SQL Server 2019 – Page 2

How SQL Server 2019 Helps You Link Queries To Missing Index Requests

Posted on May 12, 2021May 16, 2022 by Erik Darling

Not Another Upgrade

When dm_db_missing_index_group_stats_query got documented, I was really happy. After all, this has been a peeve of mine for ages.

“Wow look at all these missing index requests. Where’d they come from?”

So this is neat! And it’s better than nothing, but there are some quirks.

And what’s a quirk, after all, but a twerk that no one enjoys.

Columnar

The first thing to note about this DMV is that there are two columns purporting to have sql_handles in them. No, not that sql_handle.

One of them can’t be used in the traditional way to retrieve query text. If you try to use last_statement_sql_handle, you’ll get an error.

SELECT
    ddmigsq.group_handle,
    ddmigsq.query_hash,
    ddmigsq.query_plan_hash,
    ddmigsq.avg_total_user_cost,
    ddmigsq.avg_user_impact,
    query_text = 
        SUBSTRING
        (
            dest.text, 
            (ddmigsq.last_statement_start_offset / 2) + 1,
            (
                ( 
                    CASE ddmigsq.last_statement_end_offset 
                        WHEN -1 
                        THEN DATALENGTH(dest.text) 
                        ELSE ddmigsq.last_statement_end_offset 
                    END
                    - ddmigsq.last_statement_start_offset 
                ) / 2 
            ) + 1
        )
FROM sys.dm_db_missing_index_group_stats_query AS ddmigsq
CROSS APPLY sys.dm_exec_sql_text(ddmigsq.last_statement_sql_handle) AS dest;

Msg 12413, Level 16, State 1, Line 27
Cannot process statement SQL handle. Try querying the sys.query_store_query_text view instead.

Is Vic There?

One other “issue” with the view is that entries are evicted from it if they’re evicted from the plan cache. That means that queries with recompile hints may never produce an entry in the table.

Is this the end of the world? No, and it’s not the only index-related DMV that behaves this way: dm_db_index_usage_stats does something similar with regard to cached plans.
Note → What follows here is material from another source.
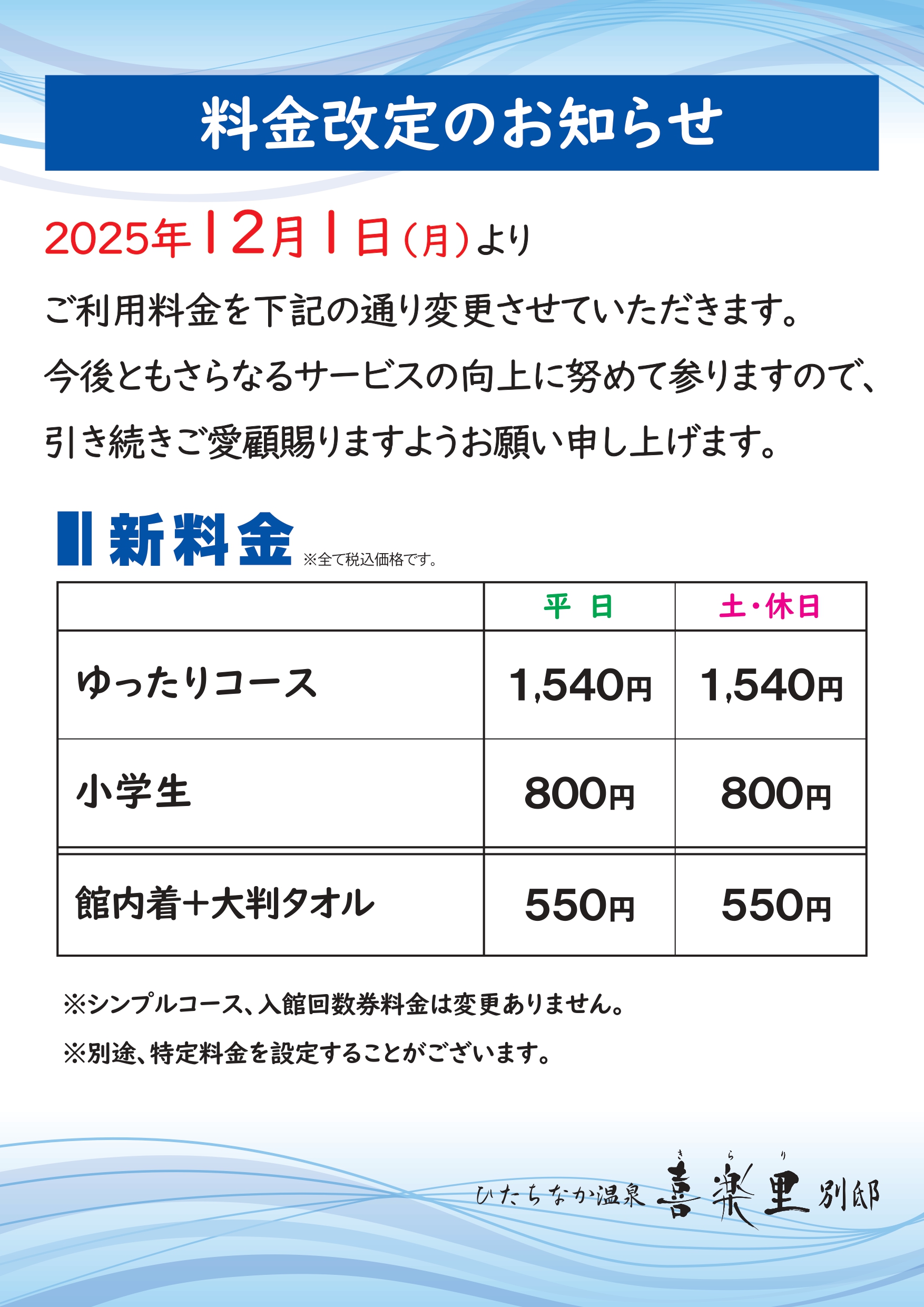 料金改定のお知らせ【2025年12月1日(月)より】

As a quick example, if I execute these two nearly-identical queries, the DMV only records one potential use of the index:

SELECT 
    COUNT_BIG(*)
FROM dbo.Posts AS p
WHERE p.OwnerUserId = 22656
AND   p.Score < 0;
GO 

SELECT 
    COUNT_BIG(*)
FROM dbo.Posts AS p
WHERE p.OwnerUserId = 22656
AND   p.Score < 0
OPTION(RECOMPILE);
GO

SQL Server Missing Index Request — grizzly

Italic Stallion

You may have noticed that may was italicized in when talking about whether or not plans with recompile hints would end up in here.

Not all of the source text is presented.